De Marie-Thérèse Avon-Soletti, Docteur en Droit, Maître de conférences honoraire d’histoire du droit:
Faire connaître la doctrine de droit naturel devient une nécessité dans un moment où les nouvelles idéologies, toujours changeantes sur la forme mais toujours aussi mortifères sur le fond envahissent la société et les esprits.
Le personnage central du courant de droit naturel est Socrate, philosophe grec du Ve siècle avant Jésus-Christ. Même s’il entre dans une lignée de philosophes, il devient le point central d’un courant, le courant de droit naturel socratique, qui enseigne que la vérité est au centre de de tout être humain et de toute cité si on veut parvenir au bien de la personne et de la cité, et que le moyen le plus sûr d’y parvenir est la loyauté.

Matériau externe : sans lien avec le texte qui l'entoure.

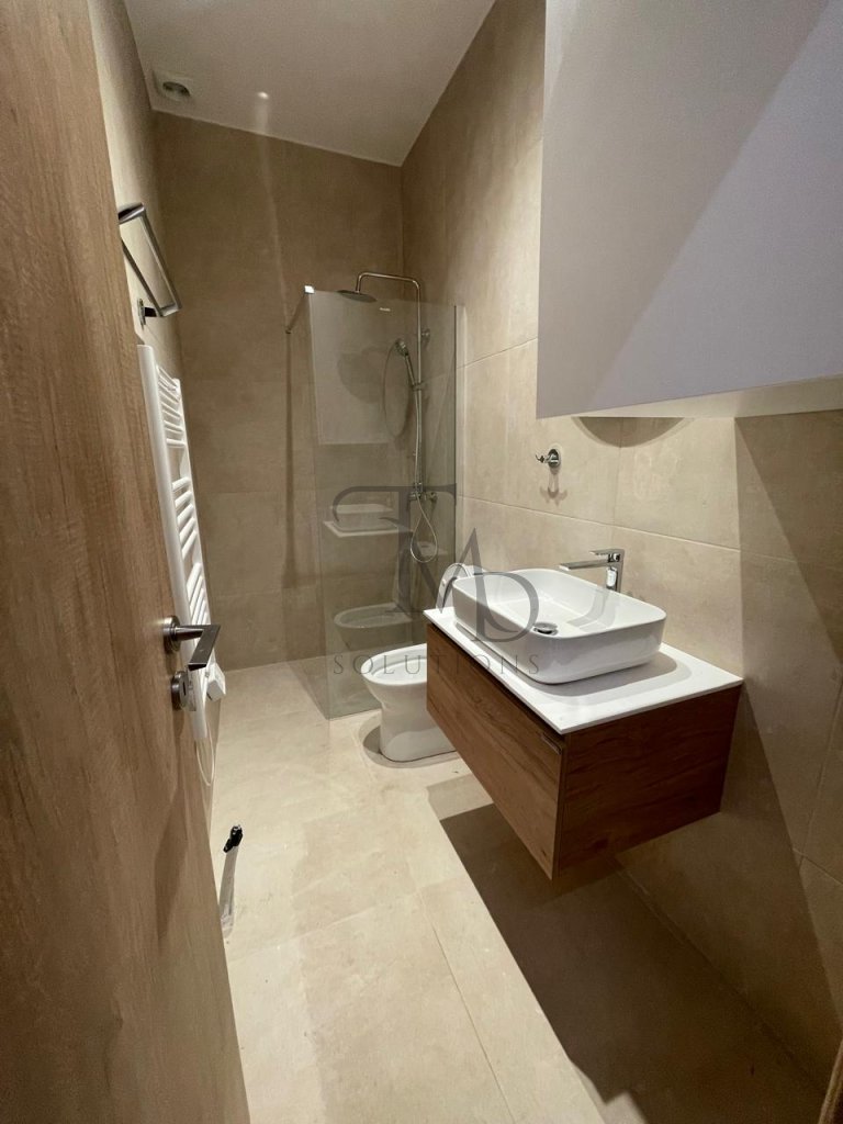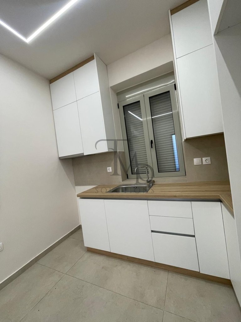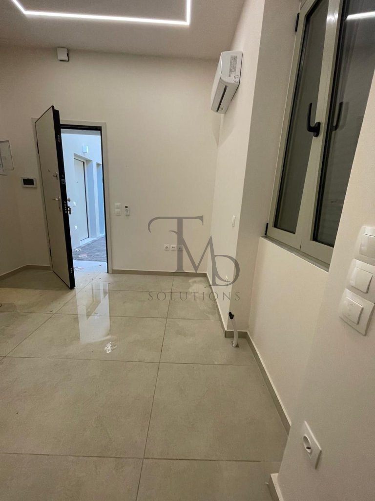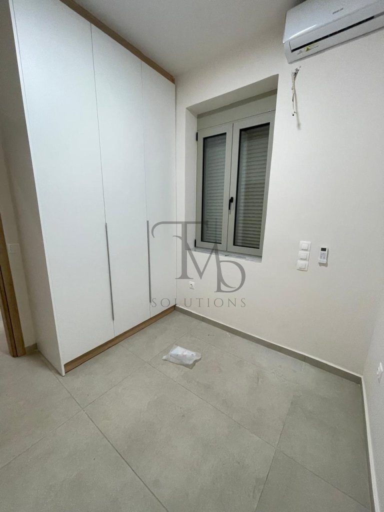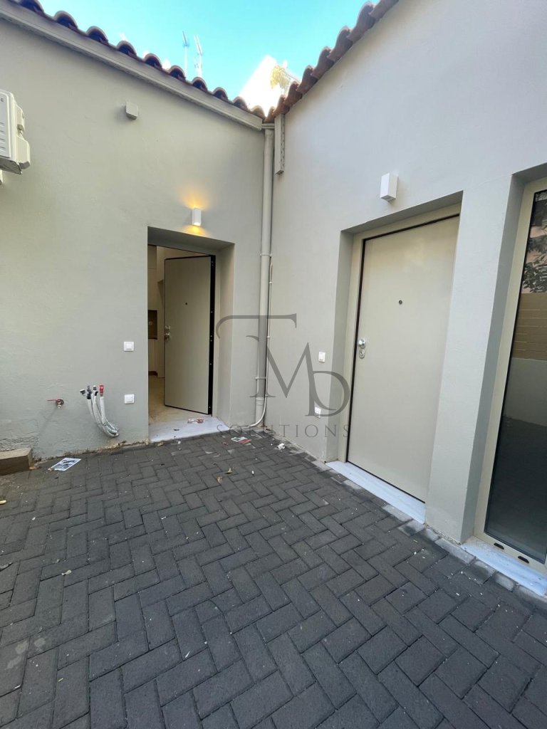 A beautiful ground-floor apartment is available for rent, fully renovated in 2025. It features 1 bedroom, an open-plan living room with kitchen, air-conditioning units, aluminium frames, a security door, and modern amenities. The apartment has a shared courtyard with another apartment, offering a pleasant outdoor space for relaxation.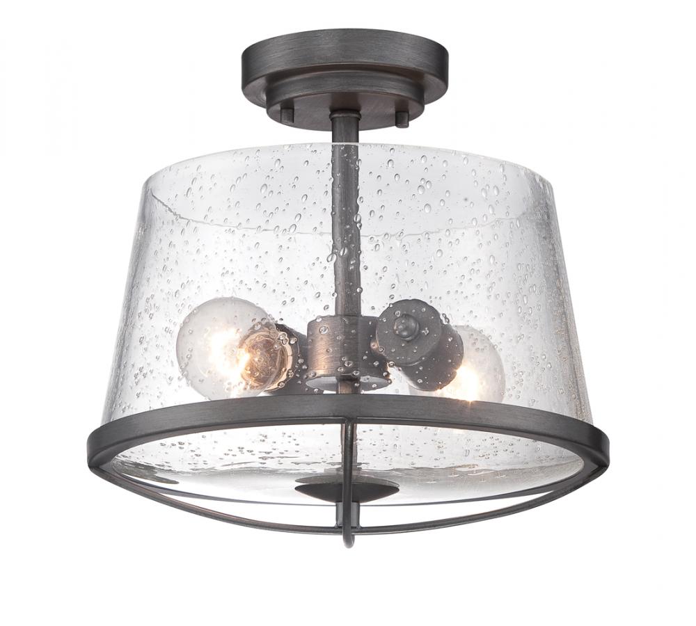 Darby ceiling light fixtures offer smooth lines with a modern cage style accent. The use of rustic materials and warmth of this style has taken hold in today's home interior light fixtures. The protective weathered iron finish adds rustic sophistication to this light fixture. The clear seedy glass shade creates water like appearance and a unique pattern with the light on. These semi flush ceiling lights are built from steel to last for years to come; they are backed by a 1 year limited manufacturer's warranty. These light fixtures install easily. This ceiling light uses 2 screw based light bulbs up to 100-Watt each.

Pour Socrate, le centre : la vérité, le moyen : la loyauté. À ces deux conditions, le but sera le bien.
Voilà ce qu’enseigne Socrate tout au long de sa vie. Il sera condamné à mort en grande partie pour cet amour de la vérité qui le mettait nécessairement en opposition avec les sophistes, les démagogues de son temps, pour lesquels le but recherché était la domination de la cité par le moyen de la manipulation des foules, le centre étant la satisfaction de leur volonté personnelle.
Pour les sophistes, le centre : la volonté de l’homme, le moyen : le mensonge, le but : la domination.
Depuis toujours, ces deux courants coexistent et se heurtent, avec bien souvent une victoire des sophistes. Pourtant, les plus belles périodes de la vie des hommes dépendent de cet attachement d’une minorité à ce courant de droit naturel. Un des exemples les plus flagrants est celui d’Hippocrate qui suit le courant de droit naturel et le développe dans l’espace puis dans le temps par le serment qu’il demande de prononcer à tous les docteurs qui suivent son principe de combat exclusif pour la vie : le serment d’Hippocrate.
Un docteur est fait pour soigner, soulager, aider, et, quand il le peut, guérir. Mais, en aucune façon, il ne doit nuire à son patient ou à ceux qui l’entourent. Très combattu à son époque par tous ceux qui s’intéressaient plus à leur profit personnel qu’au bien du patient, Hippocrate résiste et forme une école qui exige de chaque médecin la promesse de tenir bon dans le combat pour la vie contre la mort, école de pensée qui se pérennisera, malgré quelques éclipses, jusqu’au dernier tiers du XXe siècle parmi les médecins de la civilisation grecque, de la chrétienté puis du monde entier.
La guerre entre le courant socratique et les sophistes se poursuivant de nos jours, c’est ce serment qui est aussi férocement combattu que l’a été Socrate en son temps. Quel que soit le nom donné à l’acte, le fait de demander à un médecin de mettre à mort un être vivant innocent, impose de trahir le serment d’Hippocrate et de renoncer à combattre exclusivement pour la vie. C’est ce combat de la vie contre la mort qui est l’enjeu de notre époque. Il ne faut pas s’y tromper, certains aiment la mort, surtout la mort des autres d’ailleurs, et cette volonté est tellement forte, soutenue par tellement de moyens, qu’elle est entrée dans la législation de pays toujours plus nombreux qui croient obéir à des motivations sociales ou sentimentales, mais qui en réalité, obéissent aux sophistes de notre époque, aux sophistes qui œuvrent à chaque époque.
Si les hommes n’ont plus le courage de vivre en cas de difficultés même majeures, ils n’auront plus le courage, ni de s’entraider, ni de se perpétuer, ni de créer. Car tout est lié en réalité, la mort des êtres humains mais aussi des esprits et de la société.
Le combat pour le droit naturel est le combat de la vie contre la mort. Il faut tenir bon contre les tentations du désespoir, refuser de se laisser dominer par la volonté des hommes pour ne s’attacher qu’à la vérité car «la vérité vous rendra libres» (in Saint Jean 8, 32). «Je ne cherche que la vérité» proclame Socrate, c’est un «combat qui vaut … tous les combats de ce bas monde» (Platon Gorgias 526, d-e).